Pollard is a city in Clay County, Arkansas, United States. As of the 2020 census, Pollard had a population of 193.

==History==

Pollard is named for a family of early settlers who operated a general store that became home to the town's post office in 1876. The post office briefly moved to the nearby Tucker plantation and became known as "Advance," but was eventually restored to Pollard. A railroad line was constructed through Pollard in 1914 to serve area timber operations, and a town was platted around the newly constructed depot. Pollard incorporated in 1921.

==Geography==
Pollard is located at (36.430686, -90.268820). The town is located at the intersection of U.S. Route 62 and Arkansas Highway 139, northwest of Piggott, and a few miles south of the Arkansas-Missouri state line.

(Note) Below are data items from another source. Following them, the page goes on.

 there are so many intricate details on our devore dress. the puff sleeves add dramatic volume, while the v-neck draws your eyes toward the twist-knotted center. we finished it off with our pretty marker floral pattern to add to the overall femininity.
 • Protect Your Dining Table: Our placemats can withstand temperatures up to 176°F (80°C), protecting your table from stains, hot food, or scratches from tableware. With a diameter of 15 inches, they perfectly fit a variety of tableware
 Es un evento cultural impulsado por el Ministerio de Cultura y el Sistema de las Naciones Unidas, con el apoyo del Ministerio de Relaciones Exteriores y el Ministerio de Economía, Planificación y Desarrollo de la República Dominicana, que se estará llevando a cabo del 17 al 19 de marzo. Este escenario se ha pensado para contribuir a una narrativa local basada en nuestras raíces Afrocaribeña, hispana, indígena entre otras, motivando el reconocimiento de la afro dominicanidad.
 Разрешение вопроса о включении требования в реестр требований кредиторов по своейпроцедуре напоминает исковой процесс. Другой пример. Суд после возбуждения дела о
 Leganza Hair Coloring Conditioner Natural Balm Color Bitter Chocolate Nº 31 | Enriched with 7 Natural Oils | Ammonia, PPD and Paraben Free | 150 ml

According to the United States Census Bureau, the town has a total area of 0.8 km^{2} (0.3 mi^{2}), all land.

==Demographics==

As of the census of 2000, there were 240 people, 96 households, and 72 families residing in the town. The population density was 319.5/km^{2} (819.0/mi^{2}). There were 105 housing units at an average density of 139.8/km^{2} (358.3/mi^{2}). The racial makeup of the town was 100.00% White. 1.25% of the population were Hispanic or Latino of any race.

There were 96 households, out of which 30.2% had children under the age of 18 living with them, 60.4% were married couples living together, 13.5% had a female householder with no husband present, and 24.0% were non-families. 20.8% of all households were made up of individuals, and 12.5% had someone living alone who was 65 years of age or older. The average household size was 2.50 and the average family size was 2.88.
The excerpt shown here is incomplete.